There’s a post today over at coding horror that proposed a very simple probability problem. After more than 400 comments (and counting) I’m very surprised that so many people have the wrong answer. The question is this:
Let’s say, hypothetically speaking, you met someone who told you they had two children, and one of them is a girl. What are the odds that person has a boy and a girl?
Actually, I’m not sure if by “odds” Jeff meant this, or probability — as is the case in most everyday use. But assuming that he meant probability, then the solution is as follows.
Let A be the event of having a girl.
Let B be the event of having a boy.
Assume that P(A) = P(B) = 0.5
We know that the person has a girl, thus we are trying to find P(B|A) (probability of B given that A has occurred).
Now we note that A and B are independent events, thus P(B|A) = P(B) = 0.5 (conditional probability).

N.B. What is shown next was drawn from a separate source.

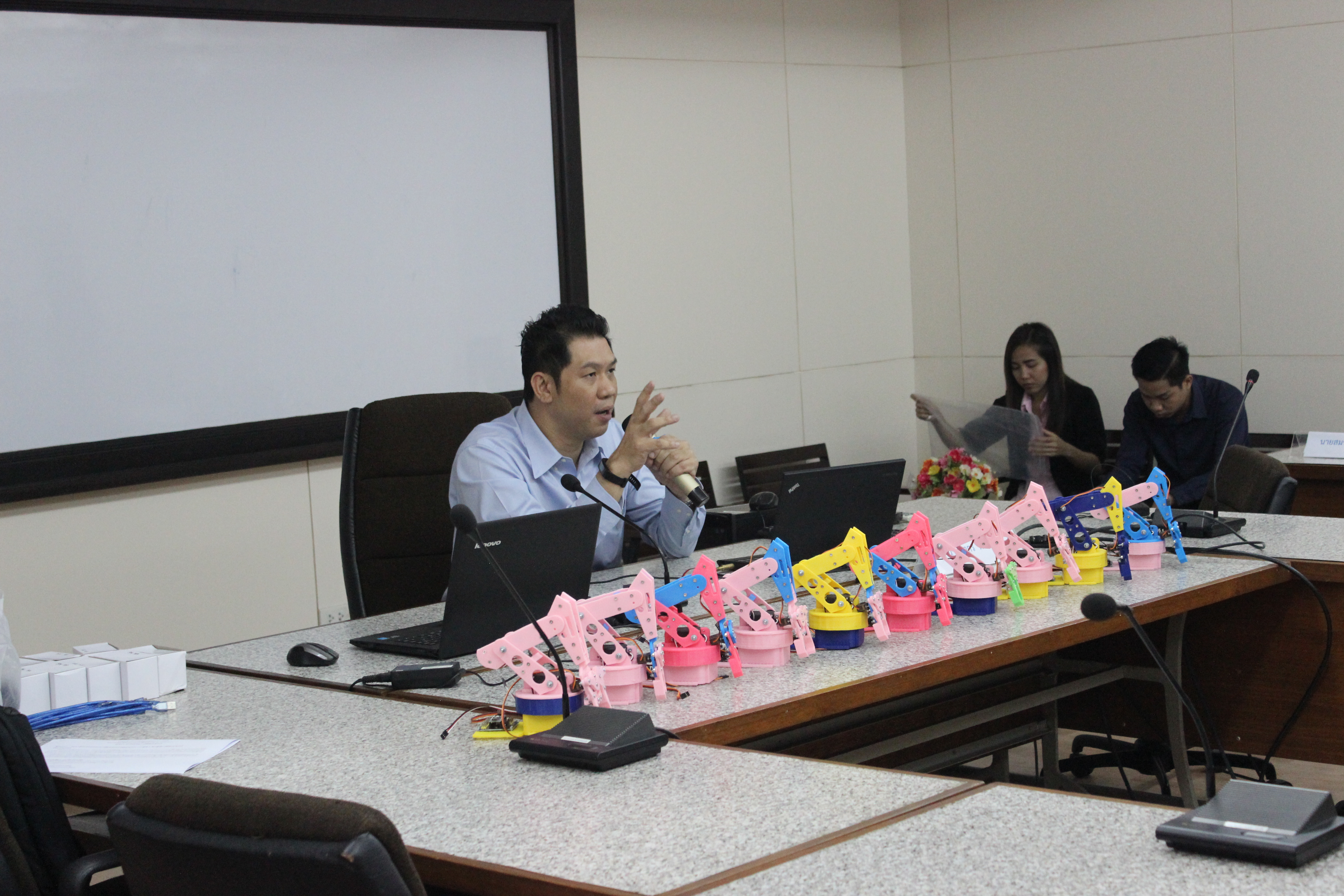 เมื่อวันที่ 21 กุมภาพันธ์ 2562 ดร.ปริญญ์ บุญกนิษฐ รองอธิการบดีฝ่ายนวัตกรรมและเทคโนโลยี มหาวิทยาลัยเทคโนโลยีราชมงคลพระนคร เป็นประธานเปิดการอบรมโครงการอบรมและทดสอบทักษะหุ่นยนต์คลัสเตอร์แขนกล ภาคปฏิบัติ ระหว่างวันที่ 21 – 23 กุมภาพันธ์ 2562 จัดโดย สถาบันสหวิทยาการดิจิทัลและหุ่นยนต์ เพื่อสร้างทักษะทางด้านการพัฒนาแขนกลขนาดเล็กและ 3D printing สนับสนุนการพัฒนาอุตสาหกรรมศักยภาพให้นักศึกษาและบุคลากรจากภาคอุตสาหกรรมเป็นนักปฏิบัติมืออาชีพยุคดิจิทัล สอดคล้องกับความต้องการของภาคอุตสาหกรรมยุค 4.0 ซึ่งมีนักศึกษา อาจารย์และบุคคลากรที่สนใจจากภาคอุตสาหกรรม เช่นบริษัท Häfele (Thailand) เป็นต้น เข้าร่วมการอบรม ณ ห้องเฟืองเงิน ชั้น 3 อาคารเอนกประสงค์ ราชมงคลพระนคร (ศูนย์พระนครเหนือ)

And there you go, the probability of the person having a boy given that person has a girl is 0.5 (or 50%).
Happy New Year’s folks!
April 10th, 2011 at 10:26 pm
Your answer is wrong. You are calculating the probability that another child will be a boy, which is of course 0.50, but that is not what was asked. The person you met had two children. There are four possbilities for this: 1st boy 2nd boy; 1st boy 2nd girl; 1st girl 2nd boy; and 1st girl 2nd girl. You see that, if a person has two children, the chance is 0.75 that at least one is a boy. (You can also figure this out by calculating the odds of two girls, 0.5 x 0.5 = 0.25, the only situation in which there is no boy.) Now, since you have been told that one child is a girl, the boy-boy possibility is eliminated, and you are left with three: boy-girl, girl-boy, girl-girl. This means that the odds that the person has a boy and a girl is 0.67, not 0.50. This is assuming, of course, that the person has told you the truth.